Inspecting yaml frontmatter in markdown files with Nushell

Markdown is widely used when working with text based generative artificial intelligence.

YAML is suitable for more structured data.

The two can be combined as follows.

---
title: Blog about Nushell and structured data
date: 2024-09-19
tags:
  - Nushell
  - data
---
 
The body text goes here.

Imagine the above text is in a file called blog-1.md

The part between the --- lines is the frontmatter in YAML. Everything below the second --- line is the markdown content.

Then in Nushell I create a small custom command like so:

def frontmatter [] {
  lines |
  split list '---' |
  do { |lst|
    let fm = $lst.0 |
      to text | from yaml |
      into value | into record
    {
      frontmatter: $fm
      content: ($lst | skip 1 | to text | str trim)
    }
  } $in
}

With this I can do:

open blog-1.md | frontmatter

And I get

╭─────────────┬────────────────────────────────────────────────────╮
│             │ ╭───────┬────────────────────────────────────────╮ │
│ frontmatter │ │ title │ Blog about Nushell and structured data │ │
│             │ │ date  │ 11 hours ago                           │ │
│             │ │       │ ╭───┬─────────╮                        │ │
│             │ │ tags  │ │ 0 │ Nushell │                        │ │
│             │ │       │ │ 1 │ data    │                        │ │
│             │ │       │ ╰───┴─────────╯                        │ │
│             │ ╰───────┴────────────────────────────────────────╯ │
│ content     │ The body text goes here.                           │
╰─────────────┴────────────────────────────────────────────────────╯

This can be used in other pipelines, eg. when publishing

let body = open $path | frontmatter | get content
let meta = open $path | frontmatter | get frontmatter

But also for finding, for example, posts that are not yet published:

open *.md | each { frontmatter } | get frontmatter | where draft == true

and slightly more complicated things like finding the most frequently used tags:

glob **/*.md | par-each { open $in | frontmatter | get frontmatter.tools? } | flatten | uniq -c | sort-by count

giving

╭────┬───────────┬───────╮
│  # │   value   │ count │
├────┼───────────┼───────┤
│  0 │ latex     │     1 │
│  1 │ fontforge │     1 │
│  2 │ groff     │     1 │
│  3 │ LLM       │     1 │
│  4 │ Nushell   │     1 │
│  5 │ markdown  │     1 │
│  6 │ Marvin    │     1 │
│  7 │ drupal    │     1 │
│  8 │ pandoc    │     2 │
│  9 │ llm       │     2 │
│ 10 │ nvim      │     3 │
│ 11 │ aichat    │     3 │
│ 12 │ ChatGPT   │     4 │
│ 13 │ Nushell   │    13 │
╰────┴───────────┴───────╯

Note the ? after .tools in the above command.
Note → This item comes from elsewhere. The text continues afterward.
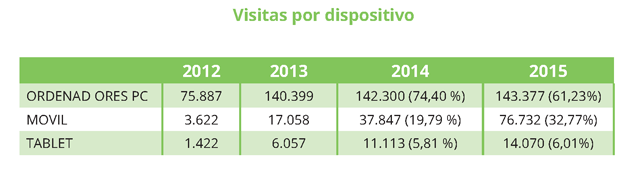 Siguen subiendo cada año las visitas realizadas a través de dispositivos móviles (teléfonos móvil o tablet), lo que supone, en el caso de los dispositivos móviles un incremento del 102%. Esta progresión fue el motivo para crear junto a la nueva web la adaptación a móviles de nuestra página.
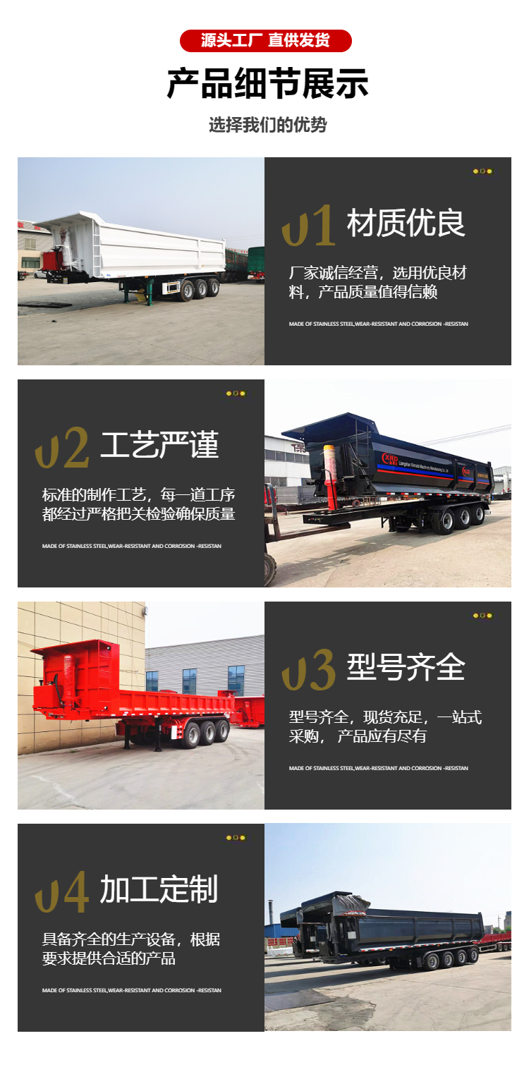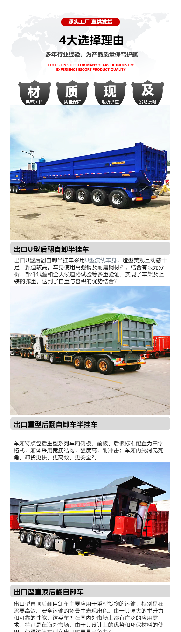 10.5米U型自卸车 重型半挂自卸直翻车 出口沙石料后翻卡车

This is because not all my markdown files has a tools key in the frontmatter. When ? is used, files without the tools key will just be ignored instead of breaking the pipeline.

Much, much more can be done with this of course. Not least combining it with LLMs.

Final note:

Doing

glob **/*.md | par-each { open $in | frontmatter }

is more robust than

open **/*.md | par-each { frontmatter }

when some files have lots of weird characters in them.